Asbury Partners bought the tax liens and redevelopment rights to the Prime Renewal Area in 2001, paying Carabetta/Vaccaro $6.5 million and for $7.5 million, respectively, for them. It has worked with the city since then to create a site master plan by architectural firms Ehrenkrantz Eckstut & Kuhn and Clarke Caton Hintz. The community endorsed the plan in June 2002. The city is providing 50 percent tax abatements over the course of nine years, as well as purchase credits worth $4 million. Even Carabetta/Vaccaro's Ocean Mile Condominium Tower will be completed, says Fishman — albeit with a new design.
What could help this ambitious revitalization project succeed is the economic momentum that gentrification has already created. Savvy professionals from New York — many of them same-sex couples — have snatched up the dilapidated houses that are a few minutes' walk from the Atlantic Ocean. Three-bedroom houses, for example, now sell for upwards of $200,000, more than triple their value five years ago.
“The trend toward revitalization was addressed by that part of the population, and that made us interested in Asbury,” says Fishman. Some of the new homeowners, however, are concerned about the commercialization of their neighborhood. And while long-time residents may find that the redevelopment provides new construction and service jobs, the $250,000 price tags for apartments won't do them much good.
Retail and entertainment development may also help Asbury Park draw patrons from neighboring communities who now avoid the town. “Deal, Ocean Grove and Belmar certainly attract families, so I think that, with this revitalization, there's going to be a waning fear of the area, which will make it more appealing to them,” says Alex Dambach, a New Jersey planner.
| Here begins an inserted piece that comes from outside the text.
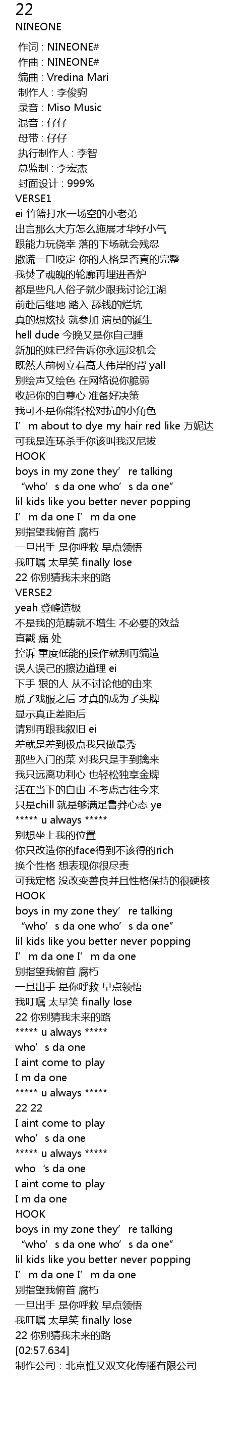 | [01:35.952] | 只是chill 就是够满足鲁莽心态 ye |
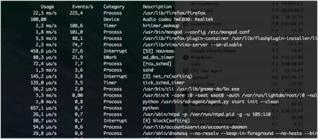 powertop 可以帮助你诊断与电量消耗和电源管理相关的问题。它也可以帮你进行电源管理设置,以实现对你服务器最有效的配置。你可以使用 tab 键切换选项卡。

In fact, if successful, the redevelopment of Asbury Park's ocean front may transform the city's demographics. “It will bring tourism, economic development and, ultimately, visitors who will make Asbury Park their home,” says Fishman.
Nobody associated with the project, however, is predicting instantaneous success. “Cities aren't formed — or reformed — overnight, and sometimes they develop independently of design intent,” says a planning consultant to the city. “It will be many years before this rock'n'roll entertainment Mecca is realized, and who knows what would happen in the interim?”